* **Provided records**:
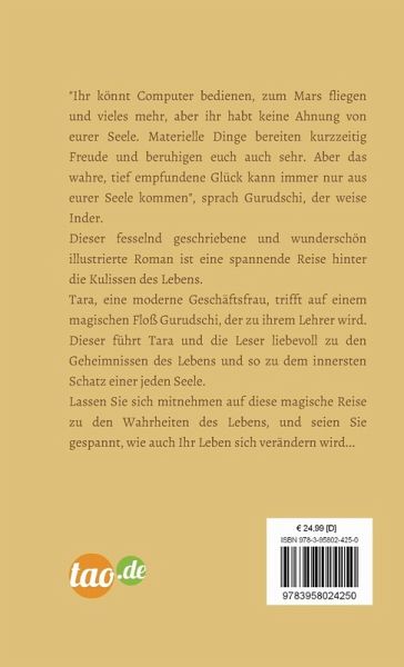 Tara, eine moderne Geschäftsfrau, trifft auf einem magischen Floß Gurudschi, der zu ihrem Lehrer wird. Dieser führt Tara und die Leser liebevoll zu den Geheimnissen des Lebens und so zu dem innersten Schatz einer jeden Seele.
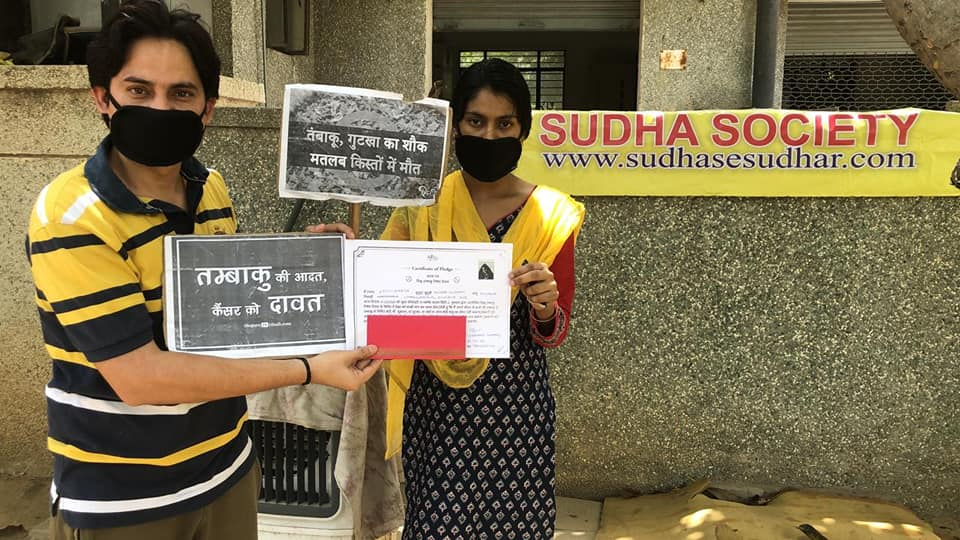 To encourage people to quit smoking and not consume any tobacco products Mr. G.K. Bhatnagar, President of Sudha society took initiative in this regard with the help of 31 Residents of A1 block, South City 2, Gurugram to motivate 101 low-income group people to take oath in the presence of them.
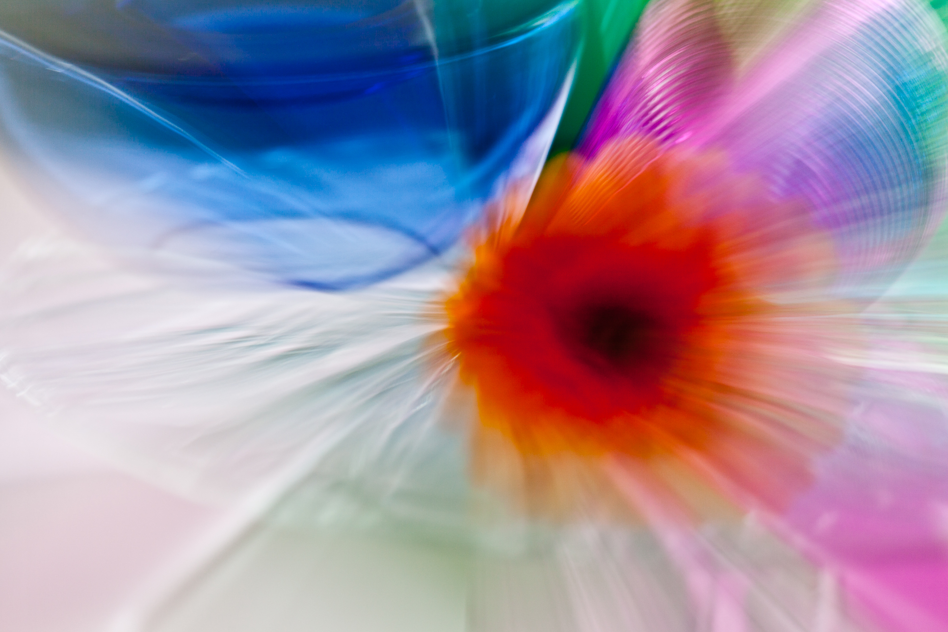 Kleurige beelden van bloemen & glazen objecten in combinatie met onscherpte door beweging.
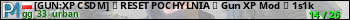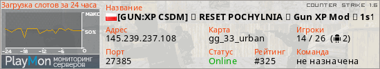 [GUN:XP CSDM] ★ RESET POCHYLNIA ★ Gun XP Mod ★ 1s1k представлен в виде сервера кс 1.6. Из всех имеющихся на сайте модификаций игровых серверов, наша система поставила метку DeathMatch сервера cs. В нашем мониторинге игровых серверов вы так же можете найти где поиграть на GunGame сервере кс 1.6.
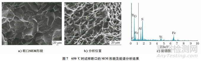第二類為脆性溫度區(qū),即低溫區(qū) (600~900℃),通過(guò)觀察,低溫?cái)嗫诔?ldquo;冰糖”狀,呈沿晶脆性斷裂特征,晶粒間有開(kāi)裂和微小的孔洞。造成這種斷口的主要原因是低溫奧氏體發(fā)生相變析出薄膜網(wǎng)狀鐵素體,鐵素體強(qiáng)度小于奧氏體,在變形過(guò)程中出現(xiàn)不均勻變形,易在鐵素體上形成裂紋;在奧氏體晶界上析出的鐵素體中分布著長(zhǎng)條狀MnS夾雜,拉伸過(guò)程中試樣易沿著夾雜物發(fā)生開(kāi)裂;在低溫區(qū),晶界上有釩、鈦、鈮的碳氮化物析出,低溫析出物尺寸較小,彌散分布在晶界上,在變形過(guò)程中,釘扎晶界發(fā)生滑移,當(dāng)外力增加時(shí),位錯(cuò)會(huì)繞過(guò)析出物,在周?chē)纬晌诲e(cuò)環(huán),在析出物分布處形成應(yīng)力集中并產(chǎn)生微小孔洞,最終導(dǎo)致試樣拉伸開(kāi)裂。因此,為了避免鑄坯在矯直過(guò)程中產(chǎn)生裂紋,45鋼的矯直溫度應(yīng)避開(kāi)第二類脆性溫度區(qū),并保證在溫度大于900℃時(shí)對(duì)其進(jìn)行矯直。650℃時(shí)試樣斷口的SEM形貌及能譜分析結(jié)果如圖7所示。
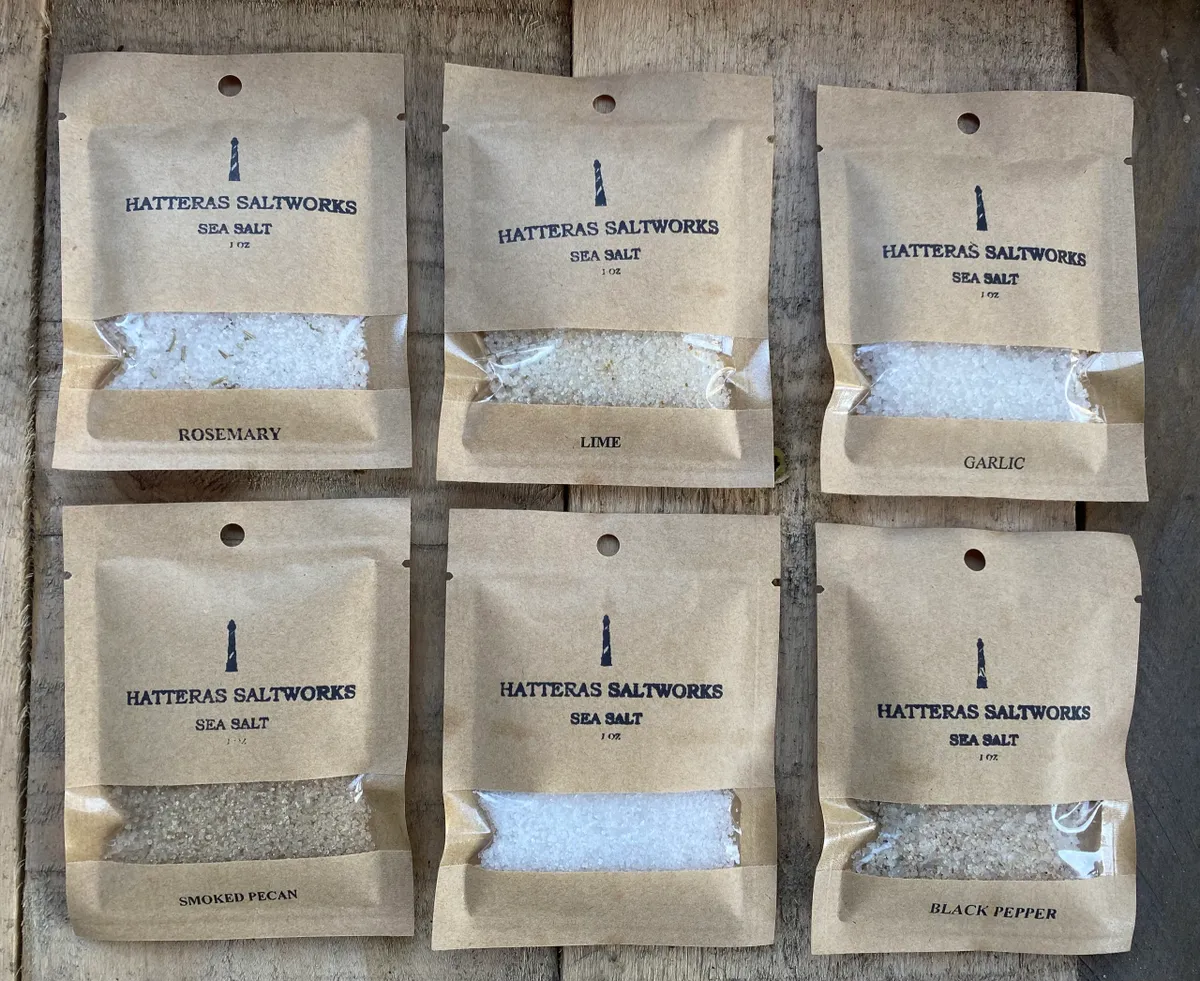 A collection of 6 of Hatteras Saltworks Sea Salts.

* **Your task**:
Copy exactly the lines running from the beginning of the listing through the line that has "[GUN:XP CSDM] ★". Drop the pictures.

* **Output for this exercise**:
 Tara, eine moderne Geschäftsfrau, trifft auf einem magischen Floß Gurudschi, der zu ihrem Lehrer wird. Dieser führt Tara und die Leser liebevoll zu den Geheimnissen des Lebens und so zu dem innersten Schatz einer jeden Seele.
 To encourage people to quit smoking and not consume any tobacco products Mr. G.K. Bhatnagar, President of Sudha society took initiative in this regard with the help of 31 Residents of A1 block, South City 2, Gurugram to motivate 101 low-income group people to take oath in the presence of them.
 Kleurige beelden van bloemen & glazen objecten in combinatie met onscherpte door beweging.
 [GUN:XP CSDM] ★ RESET POCHYLNIA ★ Gun XP Mod ★ 1s1k представлен в виде сервера кс 1.6. Из всех имеющихся на сайте модификаций игровых серверов, наша система поставила метку DeathMatch сервера cs. В нашем мониторинге игровых серверов вы так же можете найти где поиграть на GunGame сервере кс 1.6.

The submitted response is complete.